A faithful copy of the entries, without any pictures, is what is needed here.

═════ Excerpted records ═════

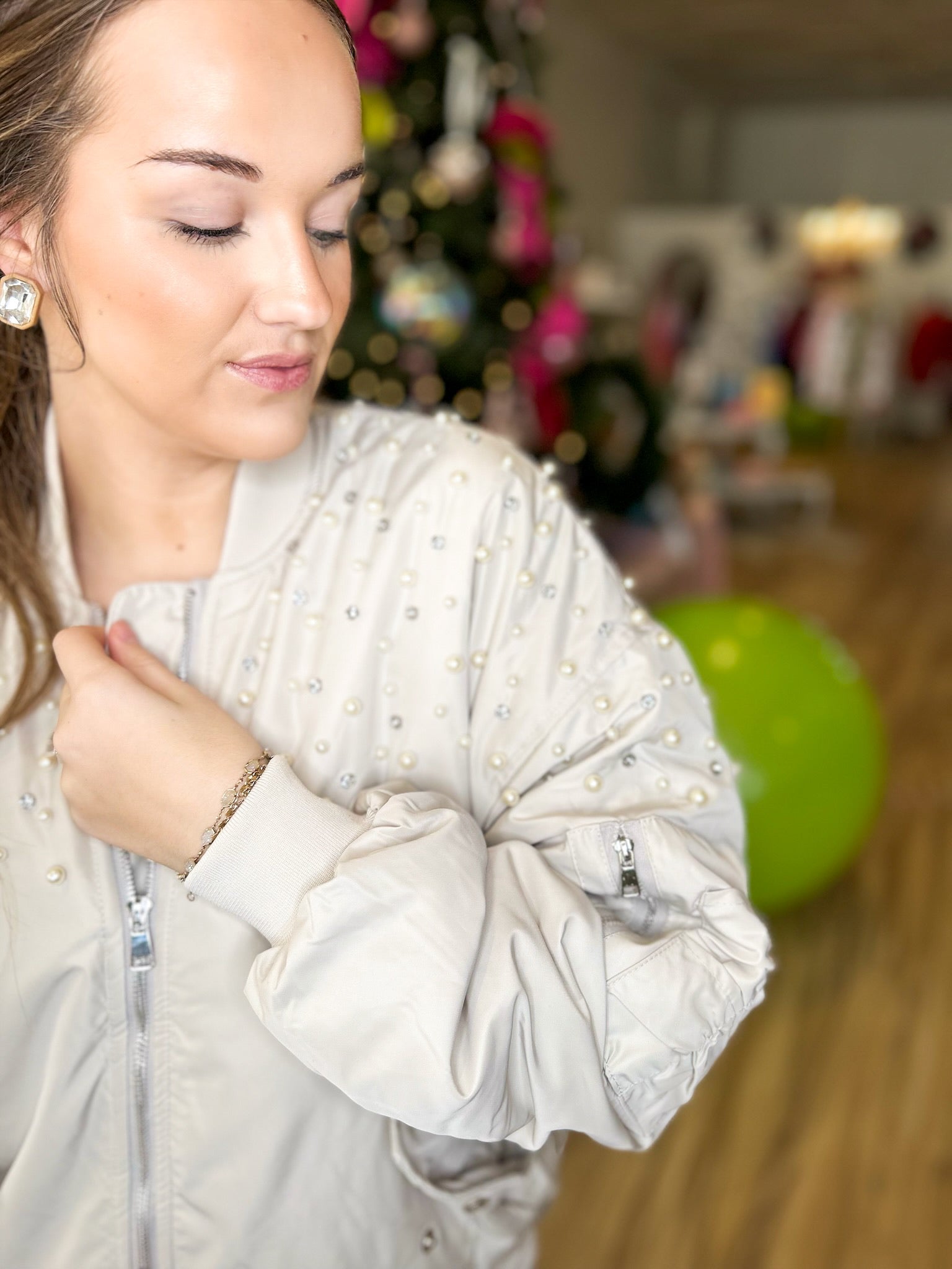 Sparkle and shine in our Rhinestone & Pearl Me Bomber Jacket. With pearl and rhinestone details on the front and back, this lightweight jacket adds a touch of glamour to any outfit. Functional front and side pockets, a full zip-up design, and a fully lined interior provide both style and convenience. Plus, the fun touches like a pocket and zipper on the sleeve make this jacket truly unique. Stay chic and cozy with our Me Bomber Jacket - Bone.
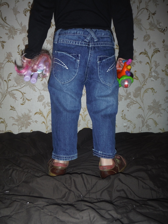 Детская модаПрошу совета со стороны. Есть у меня джинсы Artigli (на 18 мес). Но когда ей было 1,6 - они были уж очень большие , и сейчас в 2,6 стали хороши в попе на максимальной утяжке, но вот длина как-то коротка.
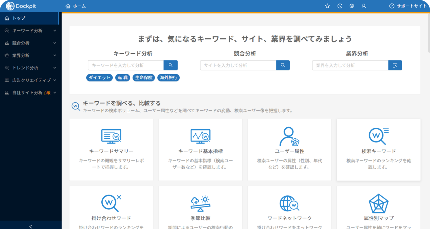 「Dockpit」は、限られた時間でたくさんの情報を必要とするマーケターが、分析したいキーワードやサイトURL、業界を入力するだけで、競合調査、業界分析、トレンド把握を可能にしたマーケティングツールです。
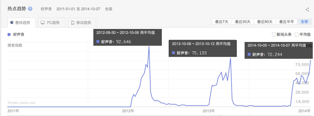 而且不幸的是,中国好声音早已不复当年的意气风发。搜索指数下降不说,还被网友戏称为“中国好黑幕”,这背后的一出出“宫心计”,大概看得网友们也是累了。
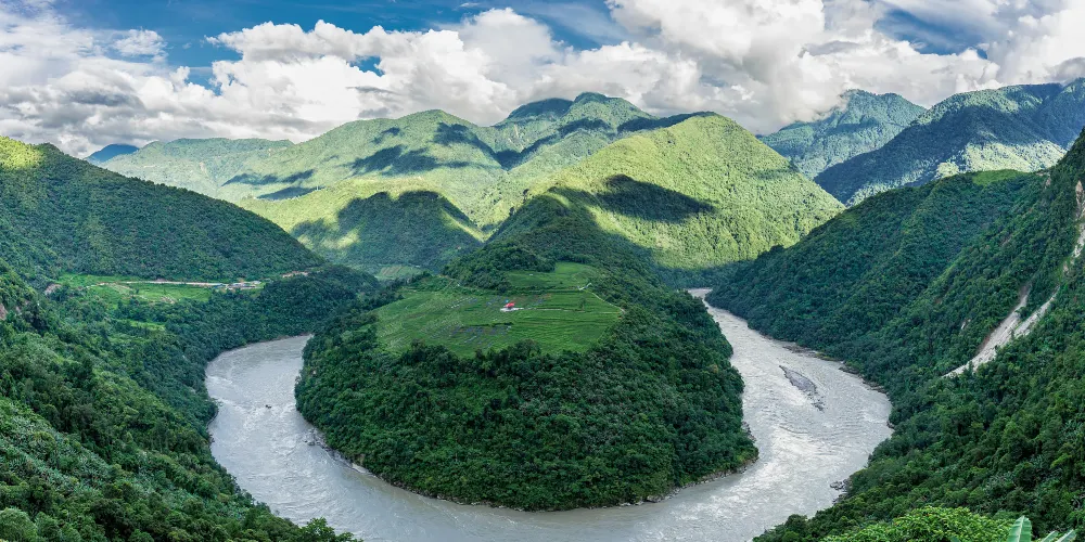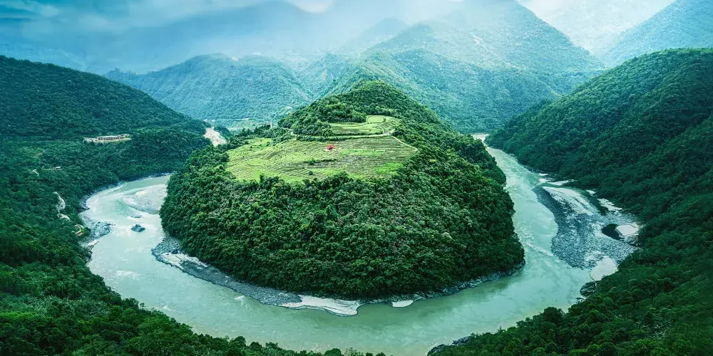雅魯藏布江在果果塘這裏盤了一個大彎,當地也叫蛇形彎。果果塘大拐彎因其俯瞰像一個棒棒糖,所以得名果果塘。
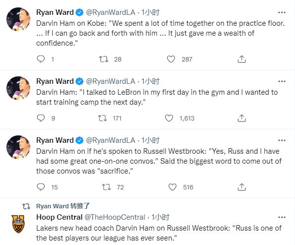 哈姆透露他们之间已经有过几次一对一的交谈,并且他们之间经常说到的一个词是“牺牲”。哈姆希望威少能够坚韧不拔,在无球以及防守端都应该能做到这样。
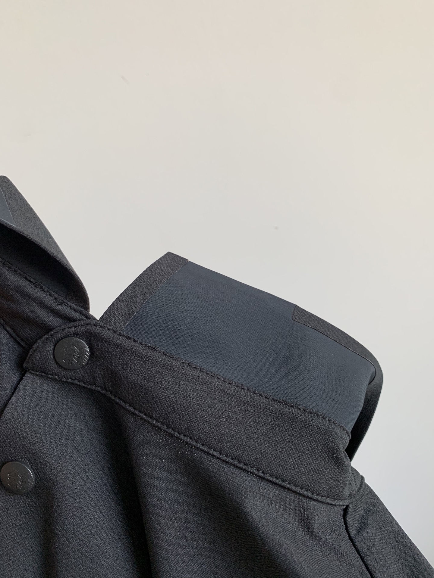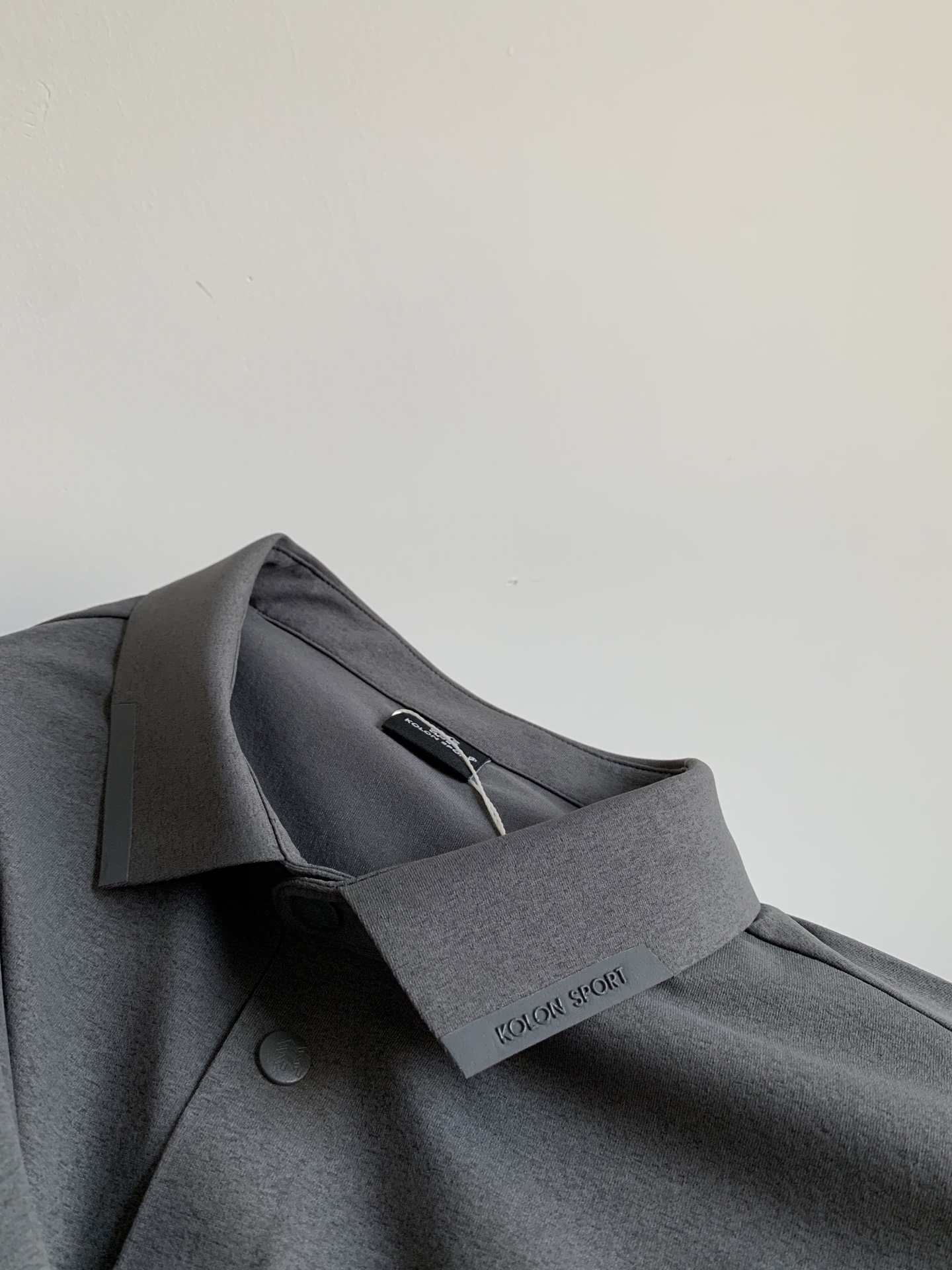 大身采用可隆自研SECO 3.0面料, 有吸湿速干、 及Polygiene抑菌功能门襟采用激光切割工艺,结合肩部超声波贴合工艺,提升细节品质感领口、门襟及下摆均采用热压工艺,外观平整
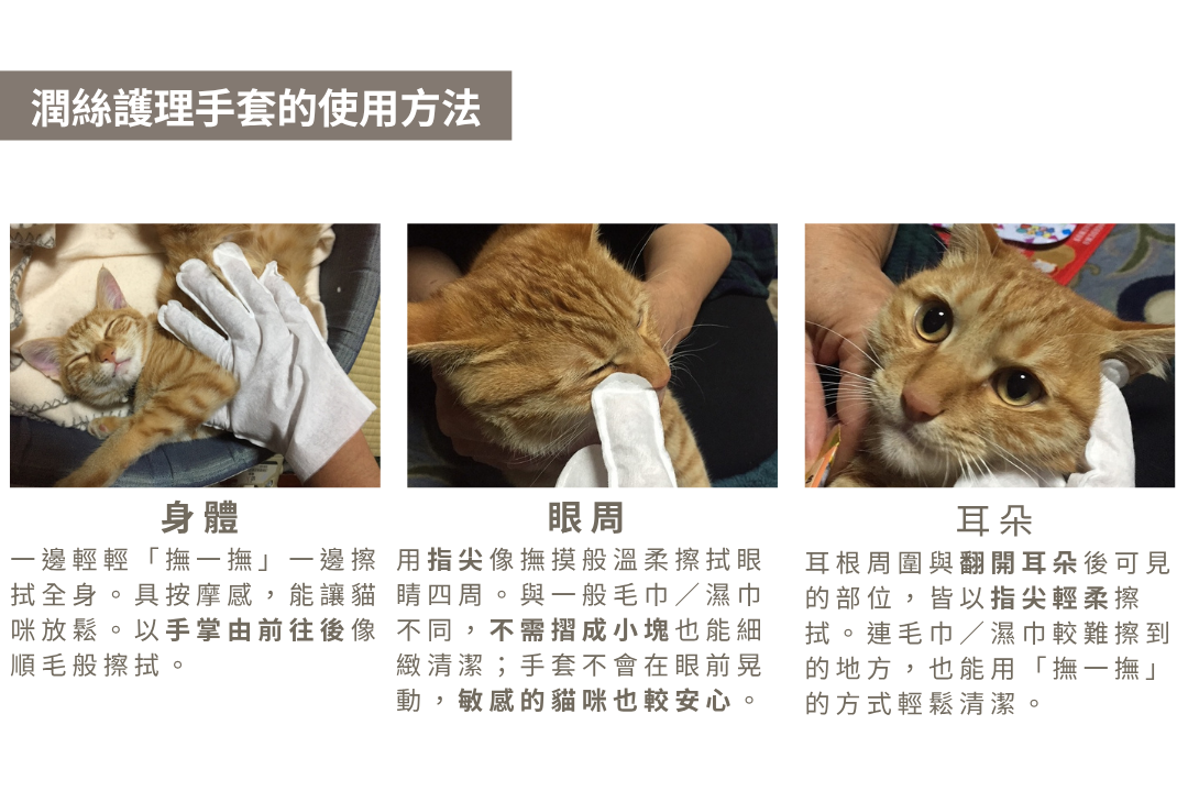 A:手套型能貼合身形、好施力,連眼周、耳緣、肉球縫等細部也能確實帶過;再加上植物由來除臭、不含酒精與Paraben,清潔更溫和安心,且左右對稱雙面可用更耐用。
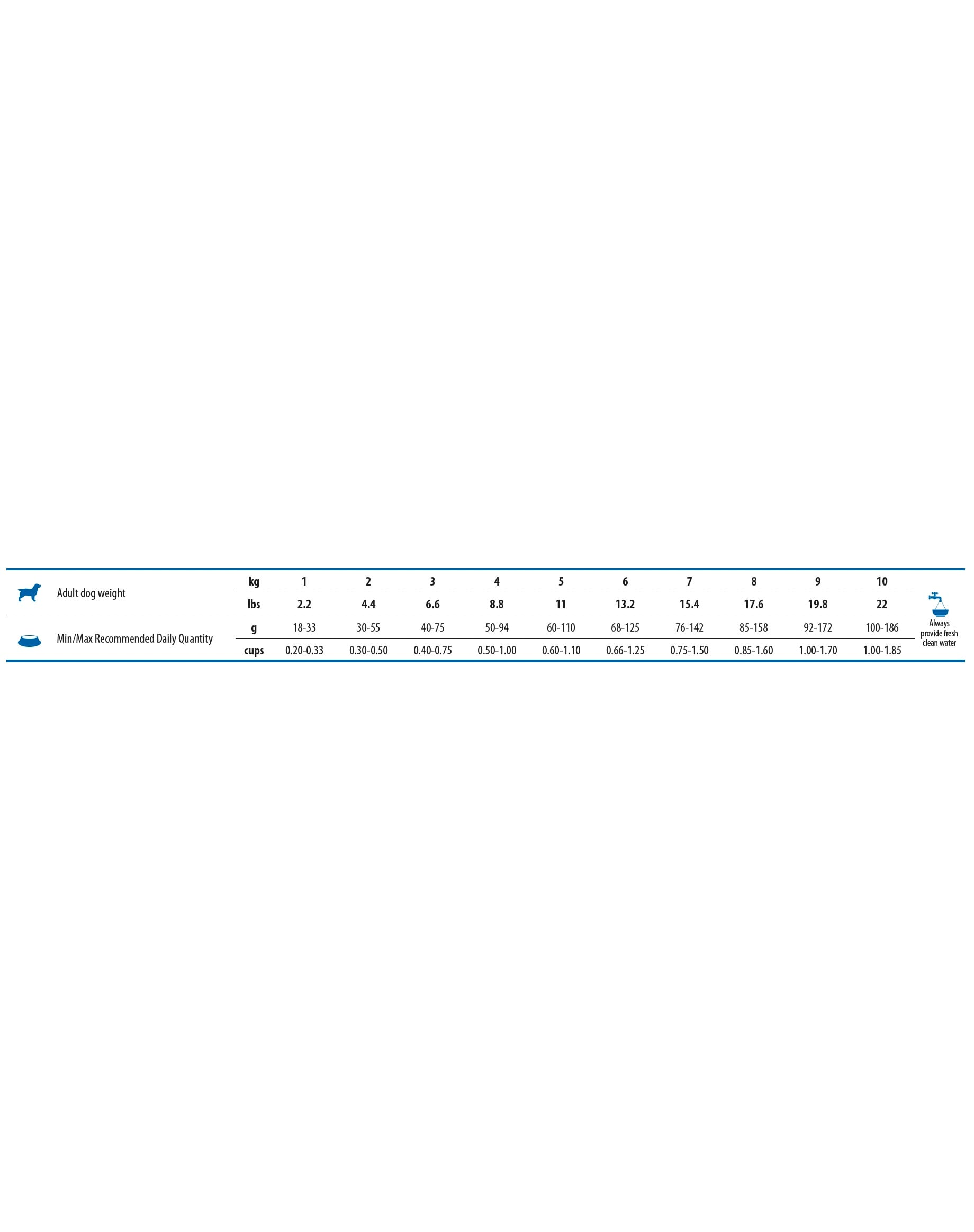 Az ajánlott adagolás tájékoztató jellegű, és egyedileg kell igazítani a háziállathoz, figyelembe véve a aktivitás mértékét és az állat egészségi állapotát.

═════

• **Reply to the exercise**
 Sparkle and shine in our Rhinestone & Pearl Me Bomber Jacket. With pearl and rhinestone details on the front and back, this lightweight jacket adds a touch of glamour to any outfit. Functional front and side pockets, a full zip-up design, and a fully lined interior provide both style and convenience. Plus, the fun touches like a pocket and zipper on the sleeve make this jacket truly unique. Stay chic and cozy with our Me Bomber Jacket - Bone.
 Детская модаПрошу совета со стороны. Есть у меня джинсы Artigli (на 18 мес). Но когда ей было 1,6 - они были уж очень большие , и сейчас в 2,6 стали хороши в попе на максимальной утяжке, но вот длина как-то коротка.
 「Dockpit」は、限られた時間でたくさんの情報を必要とするマーケターが、分析したいキーワードやサイトURL、業界を入力するだけで、競合調査、業界分析、トレンド把握を可能にしたマーケティングツールです。
 而且不幸的是,中国好声音早已不复当年的意气风发。搜索指数下降不说,还被网友戏称为“中国好黑幕”,这背后的一出出“宫心计”,大概看得网友们也是累了。
雅魯藏布江在果果塘這裏盤了一個大彎,當地也叫蛇形彎。果果塘大拐彎因其俯瞰像一個棒棒糖,所以得名果果塘。
 哈姆透露他们之间已经有过几次一对一的交谈,并且他们之间经常说到的一个词是“牺牲”。哈姆希望威少能够坚韧不拔,在无球以及防守端都应该能做到这样。
 大身采用可隆自研SECO 3.0面料, 有吸湿速干、 及Polygiene抑菌功能门襟采用激光切割工艺,结合肩部超声波贴合工艺,提升细节品质感领口、门襟及下摆均采用热压工艺,外观平整
 A:手套型能貼合身形、好施力,連眼周、耳緣、肉球縫等細部也能確實帶過;再加上植物由來除臭、不含酒精與Paraben,清潔更溫和安心,且左右對稱雙面可用更耐用。
 Az ajánlott adagolás tájékoztató jellegű, és egyedileg kell igazítani a háziállathoz, figyelembe véve a aktivitás mértékét és az állat egészségi állapotát.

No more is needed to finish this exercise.